Venison and apple chutney croûtes with Czech beer on Flickr by beFOODled.
Here's a recipe for venison and apple chutney croûtes, one of the appetizers Peanut Butter and Jelly served at the Gastronati's food and drink pairing night. At first, they considered topping it with a sauce, but then Jelly decided on a chutney instead.
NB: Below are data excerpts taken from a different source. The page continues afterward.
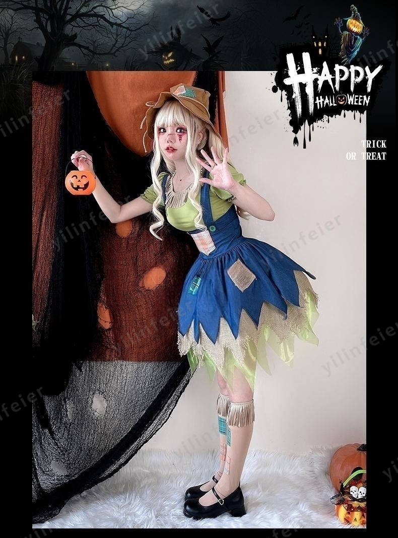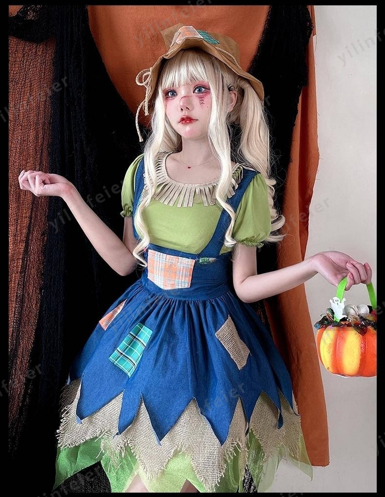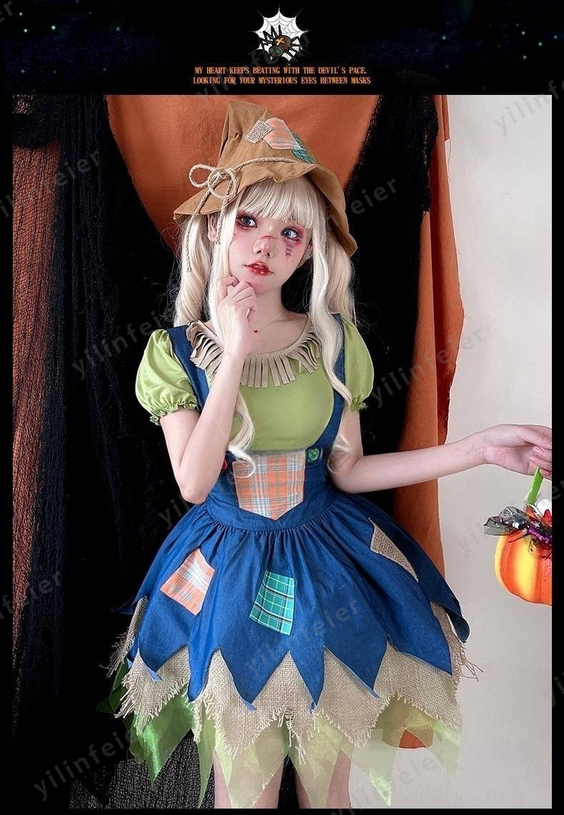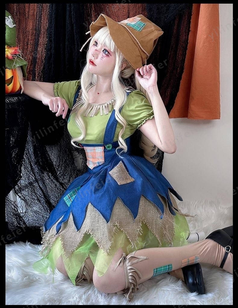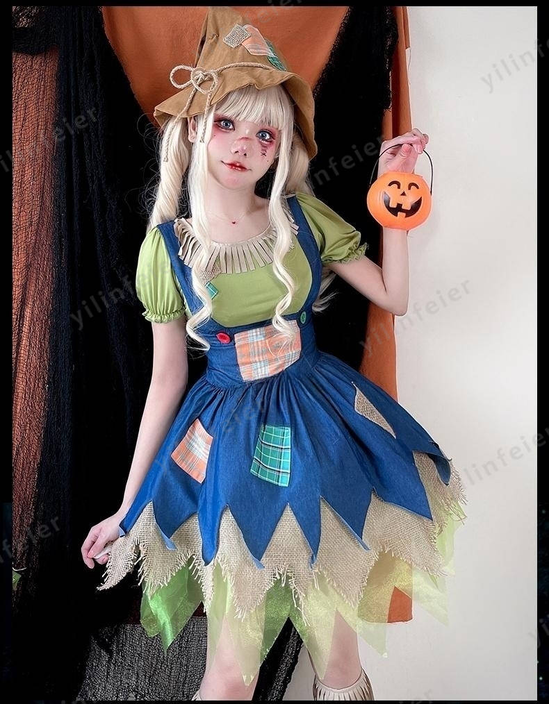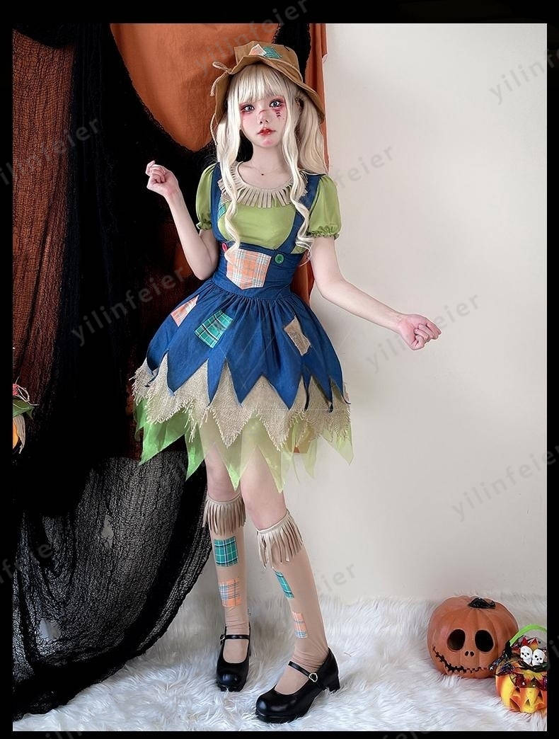 ハロウィン かかし 衣装 成人 案山子 コスプレ 大人用 女の子 帽子付き キャラクター コスチューム ハロウィン仮装 可愛い かわいい 童話 衣装 こども 万聖節 演出服cosplay
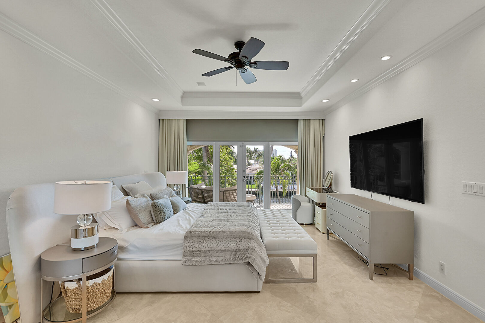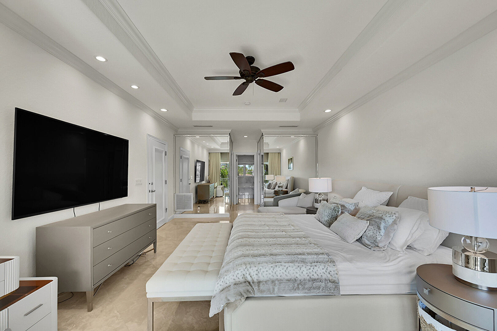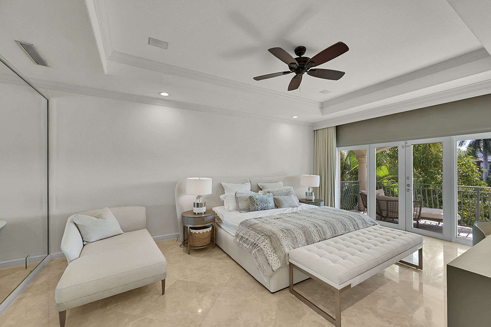 Access To Exterior, Baseboards Wall, Carpet, Ceiling Fan, Closet, Crown Molding, Drywall, French Doors, Marble Finish Floor, Natural Light, Recessed Lighting, Tray Ceiling, Vent, Baseboards Wall, Ceiling Fan, Recessed Lighting
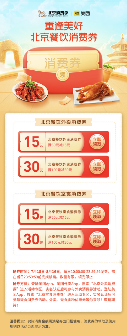 2022北京餐饮消费券7月18日开始发放,美团助力北京释放消费活力
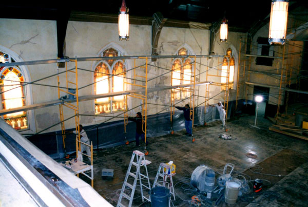 Plaster repair must be performed by an experienced craftsmen with at least 5 years experience in plaster repair and finishing. Loose plaster must be removed to provide a solid foundation for new plaster. Surface patching and skim coating cracks is not recommended. Call today to learn more on how Church Interiors, Inc. can repair and paint your church properly to ensure the best renovation or restoration results.
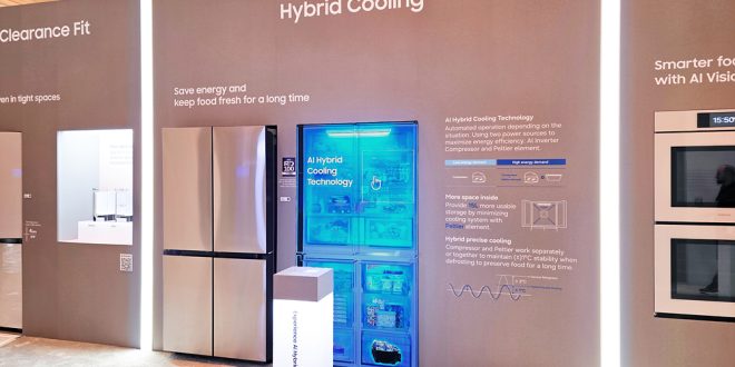 Power: BLUETTI Charger cepat, ESR Qi2 charger dingin pake fan. Smart appliance: Samsung AI fridge kenal makanan kadaluarsa, wan AIChef masak otomatis.
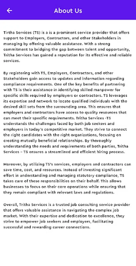 Tirtha Services (TS) is a is a prominent service provider that offers support to Employers, Contractors, and other Stakeholders in managing by offering valuable assistance. With a strong commitment to bridging the gap between talent and opportunity, Tritha Services has gained a reputation for its effective and reliable services.
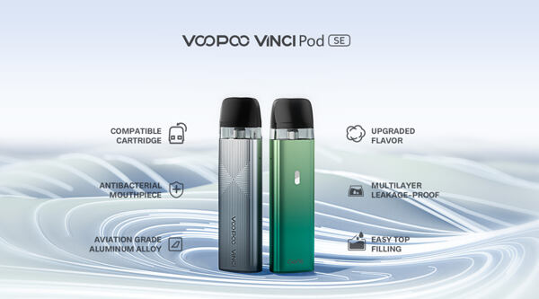 Na těle zařízení se nenachází žádné ovládací tlačítko, nic není potřeba regulovat, ani nastavovat. Jednoduše ji naplníte e-liquidem a můžete začít potahovat, při potažení se spustí žhavení zcela automaticky. V kompletním balení na vás potom čeká upgradovaná cartridge Vinci V2 s ergonomickým a antibakteriálním náustkem. Druhá generace těchto cartridgí nabídne také výraznější chuť a lepší těsnivost celé konstrukce pro absenci vzniku kondenzátu. Cartridge nabídne objem 2 ml a jednoduchý systém vrchního plnění po sejmutí náustku. O optimální tuhost potahu se postará fixní airflow systém se čtyřmi přívodními otvory ve spodní části cartridge. Cartridge nabídne odpor integrovaného tělíska 0,8 ohm pro efektivní náběh žhavení. VooPoo Vinci Pod SE Kit výborně doplňuje celou sérii kompaktních pod systémů Vinci a nabídne nesmírně jednoduché ovládání ve spojení s esteticky dokonalým designem.
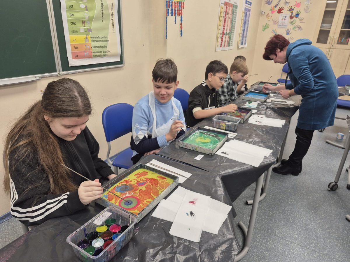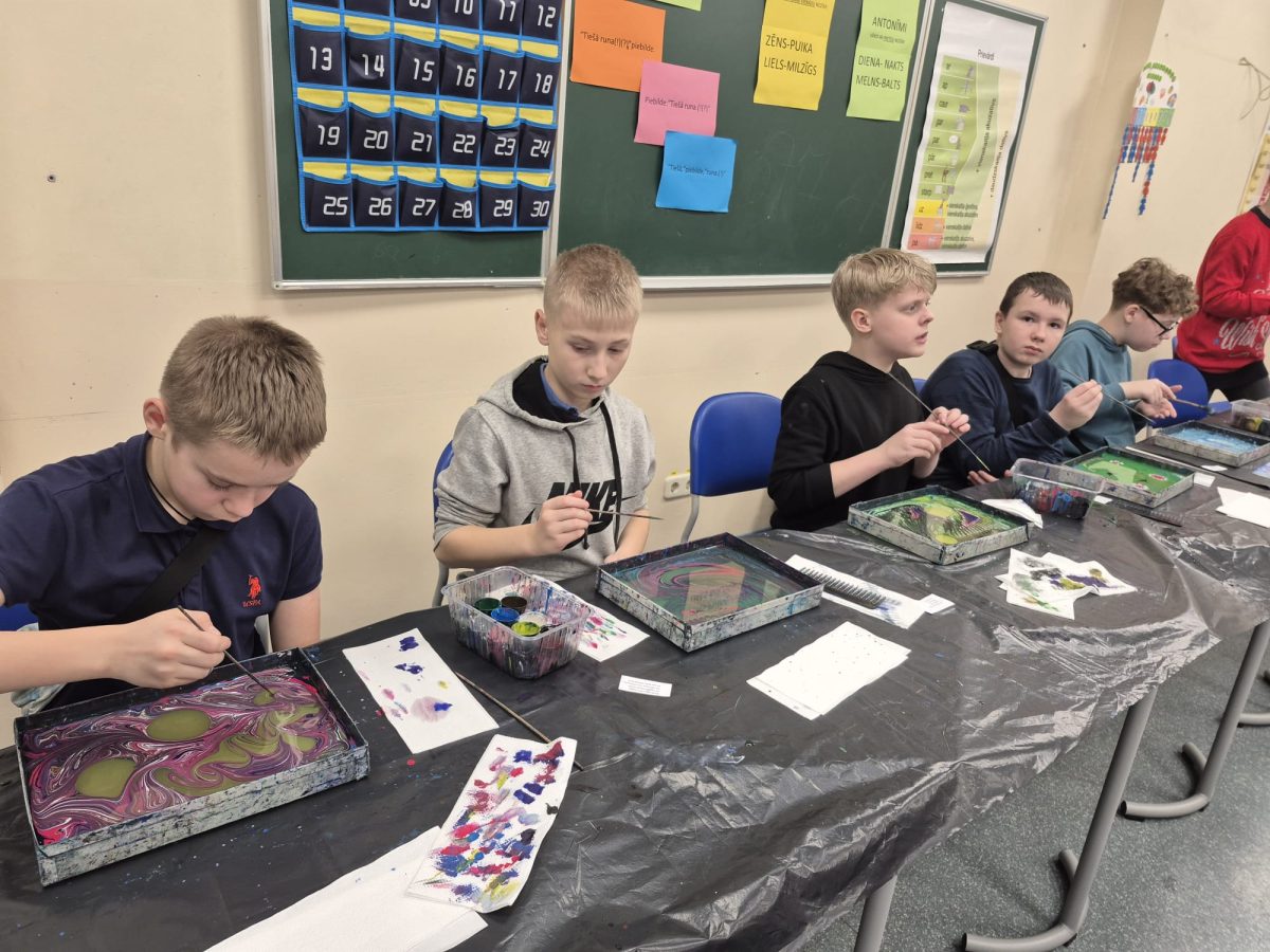 16. un 17. decembrī 4.– 6. klašu izglītojamie programmas “Latvijas skolas soma” ietvaros piedzīvoja īpašu vizuālās mākslas nodarbību – interaktīvo performanci “Ūdens miega negulēja”, kuru vadīja māksliniece Anda Kolosova.
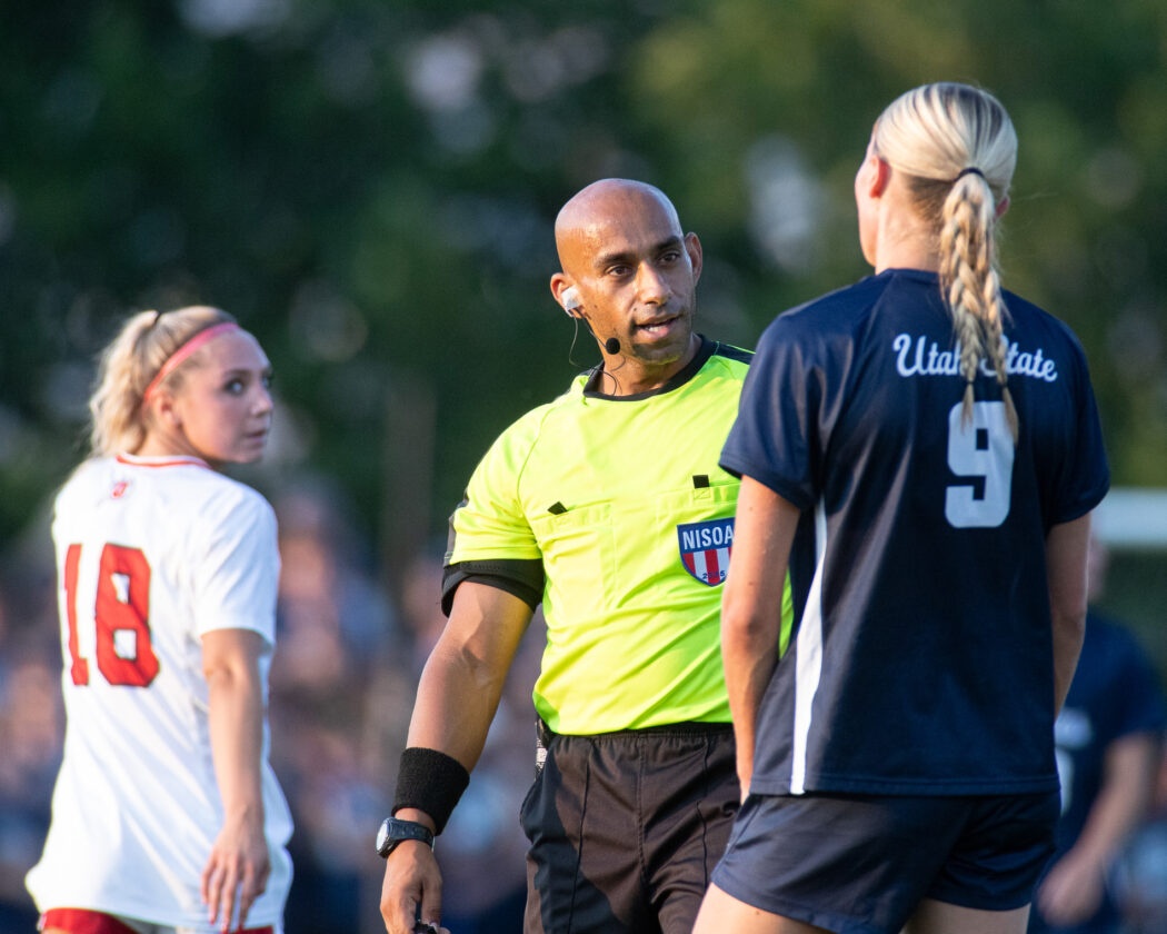 The center referee talks to Kate Christian, 9, after a short altercation with a Utah player at Chuck & Gloria Bell Field on Aug 28.

It was my favourite taste of the evening, all dressed up with a peppery arugula leaf on top and served with a Czech beer.
Venison with Apple Chutney
Peanut Butter and Jelly bought the venison at Sasloves, a specialty butcher shop in Ottawa.
2-3 tart apples, peeled, cored and finely chopped
1/8 yellow onion, quartered
1-inch piece of fresh ginger root, peeled
2 Tbsp and 1.25 tsp white wine vinegar
1 Tbsp and 1/2 tsp white sugar
1 Tbsp and 1/2 tsp brown sugar
1/8 tsp cinnamon
1/8 tsp white pepper
1/8 tsp ground cardamom
1/8 tsp ground nutmeg
In a saucepan, mix the apples, onion, ginger, vinegar, white sugar, brown sugar, cinnamon, white pepper, cardamom and nutmeg. Bring to a boil, reduce heat and cover. Simmer 30 minutes, stirring frequently, until the apples are tender. Mix in some water if necessary to keep the ingredients moist. Remove the onion and ginger and store in the refrigerator until ready to serve.
Season the venison with salt and pepper and sear the sides in a frying pan. Remove from the pan, set aside and let the meat rest. Cut the venison into medallions after five to 10 minutes. Serve with the chutney and a piece of arugula on a slice of toasted French baguette.